2.5.3. In Traditional Retail Markets

The lack of market information likely hinders traditional retail market actors. Data that are lacking include commodity prices demanded by the upstream segment, export prices, volumes supplied, product quality, or transport price [21]. Since 2009, a mobile-phone-based platform has been in place in Vietnam. Through an SMS system, the identified actors can enter the selling prices, consult the average price of a commodity, or the prices applied by a given actor.

3. Difficulties for ICT Adoption

The literature and respondents agree about the main difficulties to adoption of ICTs, mentioned as misunderstanding of ICTs (Section 3.1), issue of confidence (Section 3.2) and cost (Section 3.3).

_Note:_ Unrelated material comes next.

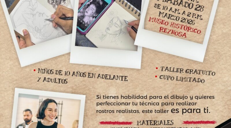 El Gobierno de Reynosa, que preside el Alcalde Carlos Peña Ortiz, invita a niños, jóvenes y adultos a inscribirse al Taller de Rostro Realista en Lápiz de Grafito, que será impartido por la artista Lilian Salas en el Museo Histórico Reynosa.
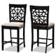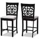 Set includes 2 counter height pub chairs Modern, contemporary style Materials: fabric polyester 100%, oak wood, foam Color: grey, espresso brown Constructed from oak wood Espresso brown finish Upholstered in polyester fabric and padded with foam Cut-out back design Includes: 2 pub stools Spot clean only

3.1. Misunderstanding of ICTs

From the literature, the main obstacle to digital technology is misunderstanding of ICTs [6][35][38]. Fear of change and misunderstanding a concept can prevent the implementation of an innovation. The lack of understanding of the Blockchain concept thus remains its main drawback [38]. ICTs that are easy to access and use encourage adoption. This is also true for short circuits or traditional retail markets where players may be less comfortable with new technologies [25].
From the interviews, in some developing countries, there are large fresh fruit and vegetable businesses that do not use the internet every day, even if they have access to the web. The respondents think that this hinders the circulation of information between the actors and especially the distribution activity more comprehensively. For ICTs in developing countries, the low literacy rate of the population hampers some usages [22].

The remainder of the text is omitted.